In math, an inflection point occurs where the shape of a curve changes in a fundamental but often subtle way. In particular, it can be the point at which acceleration becomes positive and the curve starts rising at an increasing rate. It seems to me that the tech industry has come to an inflection point. After years of expecting consumers to put up with devices whose complexity baffled the vast majority of users, we are seeing rapid movement toward radical simplification.

The iPhone, of course, is the poster child of this movement. It began with the iPhone, which brilliantly answered the question of “Why do I need a smartphone?” for millions of consumers who had resisted the charms of Palms, BlackBerrys, and Windows Mobile. Amazon’s Kindle was another step in this direction, despite it being disparaged by techies because it only does one thing. It may be simple-minded, but your grandmother can figure out how to buy a book online using it.

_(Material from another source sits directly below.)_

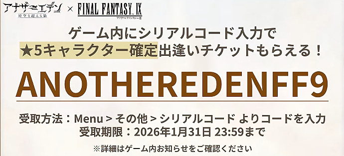 FFIXコラボ記念シリアルコード入力方法・期限 ★5チケキャラ一覧
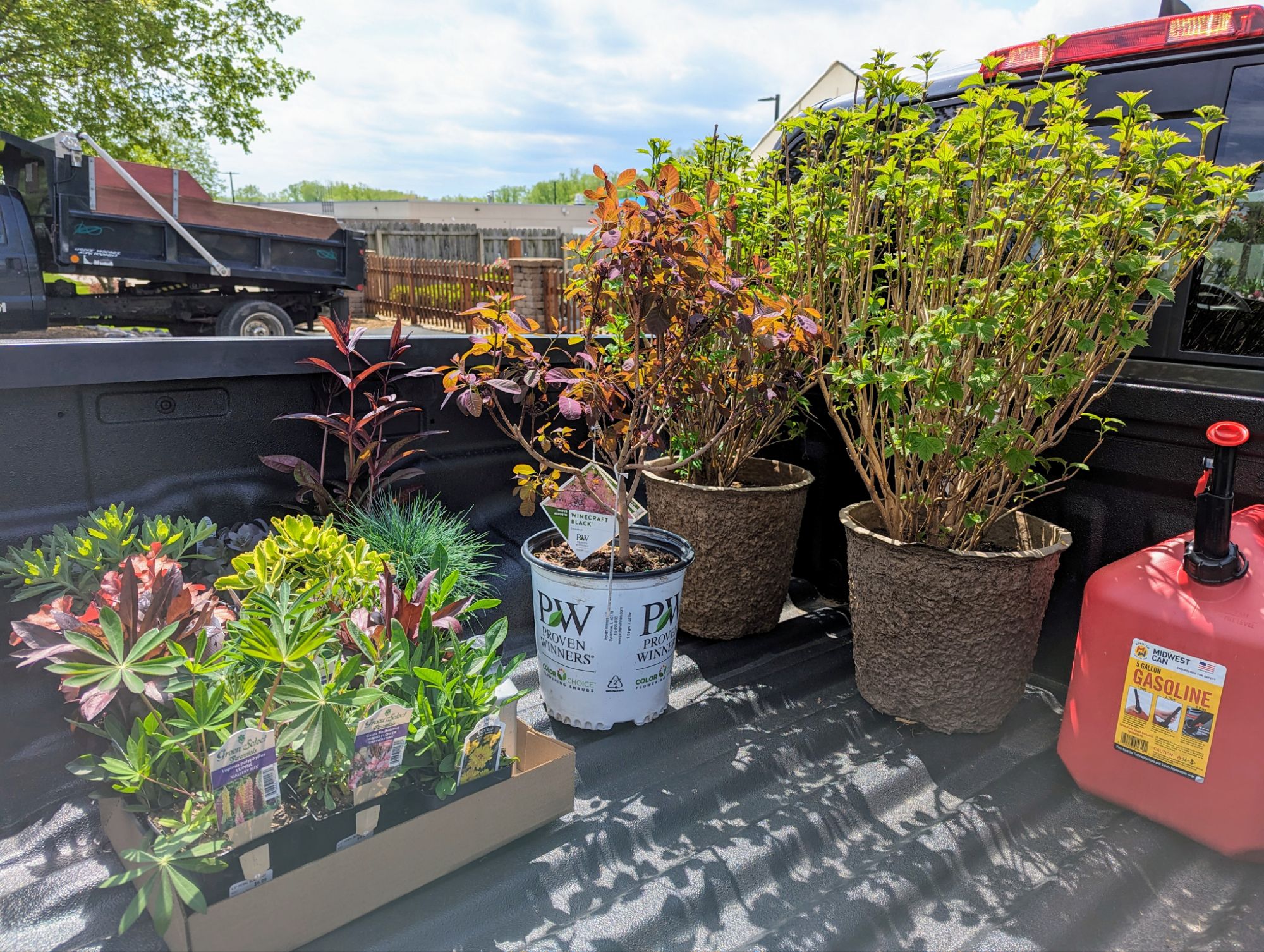 Not so beautiful? All that rain has fueled an explosive mosquito population. The bloodthirsty pests swarm around your ankles with every step you take across the yard, so unless you douse yourself with OFF!, it’s a suicide mission. Fortunately, we’ve got a ready supply on hand, ’cause we’ve got a lot of planting to do. Not only has my gardening-freak wife been filling the basement with tomato and pepper plants she started from seed back in January, but today, we stopped by our local garden center and loaded up on perennials and shrubs.

The next step, and it is a big one, is the introduction of the iPad, which is likely to make many ask “Why do I need a PC?” That’s a question that really hasn’t been asked seriously in about 15 years and it is one that ought to shake the hardware and software industries to their cores.

Many of the criticisms of the iPad miss the point. Techies want it to have USB ports for the attachment of external devices and a file system for local storage of data. The want a far broader availability of software than Apple is likely to approve. I hope for their sakes that there is a way to jailbreak the iPad, iPhone style, so they can have their fun. But their fact that the iPad isn’t a PC, that it offers constrained choices in the service of its simplicity, that I think will make it a hit.

Apple is the most advanced in understanding the need for simplicity, but it is hardly alone. Microsoft, after years of trying to sell smartphones that tried to cram Windows onto a handheld device, is going the route of radical simplification with the forthcoming Windows Phone 7. Despite the name, WP7, seems inspired more by the Xbox and the Zune HD (a critical, if not a commercial, success.)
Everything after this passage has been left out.